Here's a slight variation you could use if you don't use Python 3.4, where the default argument was introduced:

def depthCount(lst):
    return len(lst) and 1 + max(map(depthCount, lst))

They also differ by how they count. The first considers the empty list to be depth 1, the second to be depth 0. The first one is easy to adapt, though, just make the default -1.


If they're not just nested lists, e.g., [[[1], 'a', [-5.5]], [(6,3)], [['hi']]]), here are adaptions to that:

def depthCount(x):
    return 1 + max(map(depthCount, x)) if x and isinstance(x, list) else 0

def depthCount(x):
    return int(isinstance(x, list)) and len(x) and 1 + max(map(depthCount, x))

Make sure you understand how the latter one works. If you don't know it yet, it'll teach you how and works in Python :-)


Taking the "purely recursive" challenge:

def depthCount(x, depth=0):
    if not x or not isinstance(x, list):
        return depth
    return max(depthCount(x[0], depth+1),
               depthCount(x[1:], depth))

Granted, the extra argument is slightly ugly, but I think it's ok.




回答2:


It will indeed return var when the list has reached the end, but when I have a nonempty list, things go awry. Nothing is returned at all.

That's because you have no return statement, except in the else base case for an empty list. And if you fall off the end of the function without hitting a return, that means the function returns None.

But you have another problem on top of that. You're starting var = 0, then possibly doing var += 1… but you're not passing that down into the recursive calls, or using any result from the recursive calls. So the recursive calls have no useful effect at all.

What you probably meant is something like this:

def depthCount(lst):
    'takes an arbitrarily nested list as a parameter and returns the maximum depth to which the list has nested sub-lists.'

    if len(lst) > 0:

        if type(lst[0]) == list:
            return 1 + depthCount(lst[1:])
        else:
            return depthCount(lst[1:])

    else:
        return 0

But this still isn't actually right. The depth count of a list is 1 more than the depth count of its deepest element. Just checking its second element won't do you any good; you need to check all of them. So, what you really want is something like this:

def depthCount(lst):
    'takes an arbitrarily nested list as a parameter and returns the maximum depth to which the list has nested sub-lists.'
    if isinstance(lst, list):
        return 1 + max(depthCount(x) for x in lst)
    else:
        return 0

If you want to replace that iterative for x in lst with a second layer of recursion, of course you can, but I can't see any good reason to do so; it just makes the code more complicated for no reason.

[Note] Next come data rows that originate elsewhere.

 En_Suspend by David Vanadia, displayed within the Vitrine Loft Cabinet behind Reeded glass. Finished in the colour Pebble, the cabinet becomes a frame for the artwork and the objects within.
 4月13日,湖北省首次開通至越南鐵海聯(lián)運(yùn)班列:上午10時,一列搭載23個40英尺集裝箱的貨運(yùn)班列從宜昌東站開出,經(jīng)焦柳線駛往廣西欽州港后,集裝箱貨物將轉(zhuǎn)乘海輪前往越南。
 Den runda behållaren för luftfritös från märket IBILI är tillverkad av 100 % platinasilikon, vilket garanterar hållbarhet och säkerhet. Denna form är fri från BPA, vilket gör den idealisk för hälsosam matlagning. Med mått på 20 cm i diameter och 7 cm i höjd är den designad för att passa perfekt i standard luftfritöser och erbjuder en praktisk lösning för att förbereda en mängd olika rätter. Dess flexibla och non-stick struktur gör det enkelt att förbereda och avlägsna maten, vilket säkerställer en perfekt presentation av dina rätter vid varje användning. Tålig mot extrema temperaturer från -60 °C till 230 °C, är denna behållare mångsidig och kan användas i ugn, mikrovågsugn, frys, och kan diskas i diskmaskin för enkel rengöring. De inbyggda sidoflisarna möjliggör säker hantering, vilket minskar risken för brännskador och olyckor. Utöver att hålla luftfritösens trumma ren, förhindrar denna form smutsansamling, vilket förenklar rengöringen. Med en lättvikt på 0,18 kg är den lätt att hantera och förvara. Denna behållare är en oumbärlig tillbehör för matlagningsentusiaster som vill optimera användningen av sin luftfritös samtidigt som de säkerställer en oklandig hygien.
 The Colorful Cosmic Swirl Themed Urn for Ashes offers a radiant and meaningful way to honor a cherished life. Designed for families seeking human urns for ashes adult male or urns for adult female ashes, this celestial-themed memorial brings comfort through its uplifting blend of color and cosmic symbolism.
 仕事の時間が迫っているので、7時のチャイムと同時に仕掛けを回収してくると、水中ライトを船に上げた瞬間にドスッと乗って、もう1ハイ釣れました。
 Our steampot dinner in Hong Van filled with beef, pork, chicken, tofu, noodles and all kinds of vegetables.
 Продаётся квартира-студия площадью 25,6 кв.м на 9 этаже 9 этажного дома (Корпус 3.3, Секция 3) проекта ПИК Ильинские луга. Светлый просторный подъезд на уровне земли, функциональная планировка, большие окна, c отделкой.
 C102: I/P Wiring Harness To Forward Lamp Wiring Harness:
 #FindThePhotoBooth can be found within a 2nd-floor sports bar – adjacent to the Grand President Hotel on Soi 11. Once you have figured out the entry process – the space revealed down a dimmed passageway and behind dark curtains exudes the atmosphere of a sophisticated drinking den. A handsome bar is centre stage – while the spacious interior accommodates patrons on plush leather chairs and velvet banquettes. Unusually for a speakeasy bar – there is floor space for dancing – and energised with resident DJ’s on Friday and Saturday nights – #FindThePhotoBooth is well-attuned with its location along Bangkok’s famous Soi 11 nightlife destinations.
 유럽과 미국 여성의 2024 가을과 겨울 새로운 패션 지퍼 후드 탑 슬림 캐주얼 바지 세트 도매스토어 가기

For example:

def max_child_count(lst):
    if lst:
        return max(depth_count(lst[0]), max_child_count(lst[1:]))
    else:
        return 0

def depth_count(lst):
    if isinstance(lst, list):
        return 1 + max_child_count(lst)
    else:
        return 0

This may still not be right. It definitely does the right thing for, e.g., [1, [2,3], [4, [5]]]. But what should it do for, say, []? I can't tell from your question. If it should return 0 or 1, you'll obviously need to change the if appropriately. If that's illegal input, then it's already doing the right thing. (And that should also answer the question of what it should do for, e.g., [[[], []], [], [[]]], but make sure you think through that case as well.)




回答3:


So, essentially, the data structure that you're referring to is a k-ary tree, also known as n-ary tree, with arbitrary branching. Here's the code for determining the max. depth of a n-ary tree with arbitrary branching.

def maxdepth(tree):
    if isleaf(tree):
        return 1
    maximum = 0
    for child in children(tree):
        depth = maxdepth(child)
        if depth > maximum:
            maximum = depth
    return maximum + 1

You can see the code in action with different test inputs here.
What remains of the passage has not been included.